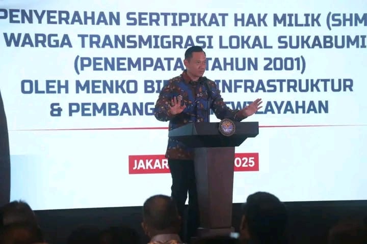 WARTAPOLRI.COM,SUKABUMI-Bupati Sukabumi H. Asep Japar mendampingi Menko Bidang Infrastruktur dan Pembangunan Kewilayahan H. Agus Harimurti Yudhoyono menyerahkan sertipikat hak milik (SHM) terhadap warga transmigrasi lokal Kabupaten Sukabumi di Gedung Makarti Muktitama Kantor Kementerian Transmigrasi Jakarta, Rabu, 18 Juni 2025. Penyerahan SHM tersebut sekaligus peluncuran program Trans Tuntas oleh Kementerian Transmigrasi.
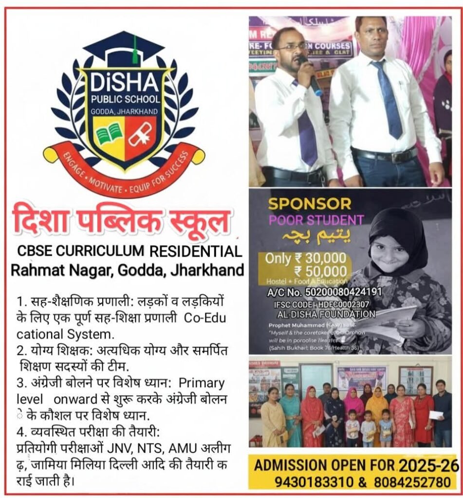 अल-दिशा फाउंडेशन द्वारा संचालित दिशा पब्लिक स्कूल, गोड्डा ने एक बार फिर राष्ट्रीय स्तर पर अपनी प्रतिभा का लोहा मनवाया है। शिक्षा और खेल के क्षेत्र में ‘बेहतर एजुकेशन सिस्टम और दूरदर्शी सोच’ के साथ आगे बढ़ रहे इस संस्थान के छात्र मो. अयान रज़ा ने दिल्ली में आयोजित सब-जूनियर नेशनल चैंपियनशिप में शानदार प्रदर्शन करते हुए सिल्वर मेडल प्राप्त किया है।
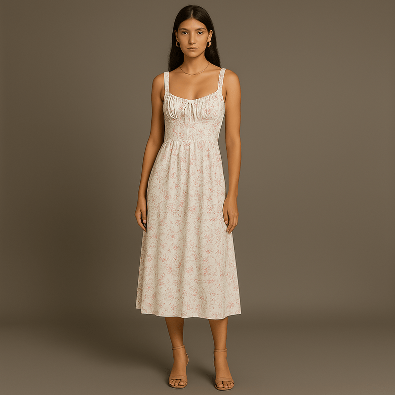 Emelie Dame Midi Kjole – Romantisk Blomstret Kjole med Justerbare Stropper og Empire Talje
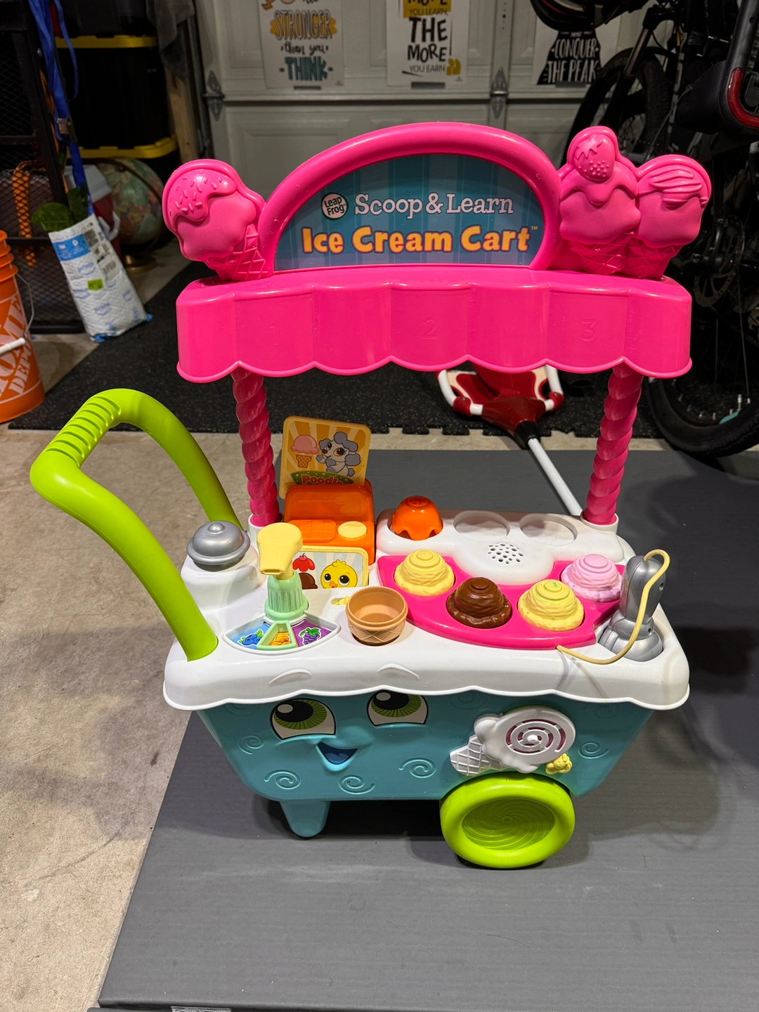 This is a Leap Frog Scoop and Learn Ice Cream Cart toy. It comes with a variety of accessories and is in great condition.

Requirement. In the answer, the data should reappear exactly, with no pictures.

Exercise response.
 WARTAPOLRI.COM,SUKABUMI-Bupati Sukabumi H. Asep Japar mendampingi Menko Bidang Infrastruktur dan Pembangunan Kewilayahan H. Agus Harimurti Yudhoyono menyerahkan sertipikat hak milik (SHM) terhadap warga transmigrasi lokal Kabupaten Sukabumi di Gedung Makarti Muktitama Kantor Kementerian Transmigrasi Jakarta, Rabu, 18 Juni 2025. Penyerahan SHM tersebut sekaligus peluncuran program Trans Tuntas oleh Kementerian Transmigrasi.
 अल-दिशा फाउंडेशन द्वारा संचालित दिशा पब्लिक स्कूल, गोड्डा ने एक बार फिर राष्ट्रीय स्तर पर अपनी प्रतिभा का लोहा मनवाया है। शिक्षा और खेल के क्षेत्र में ‘बेहतर एजुकेशन सिस्टम और दूरदर्शी सोच’ के साथ आगे बढ़ रहे इस संस्थान के छात्र मो. अयान रज़ा ने दिल्ली में आयोजित सब-जूनियर नेशनल चैंपियनशिप में शानदार प्रदर्शन करते हुए सिल्वर मेडल प्राप्त किया है।
 Emelie Dame Midi Kjole – Romantisk Blomstret Kjole med Justerbare Stropper og Empire Talje
 This is a Leap Frog Scoop and Learn Ice Cream Cart toy. It comes with a variety of accessories and is in great condition.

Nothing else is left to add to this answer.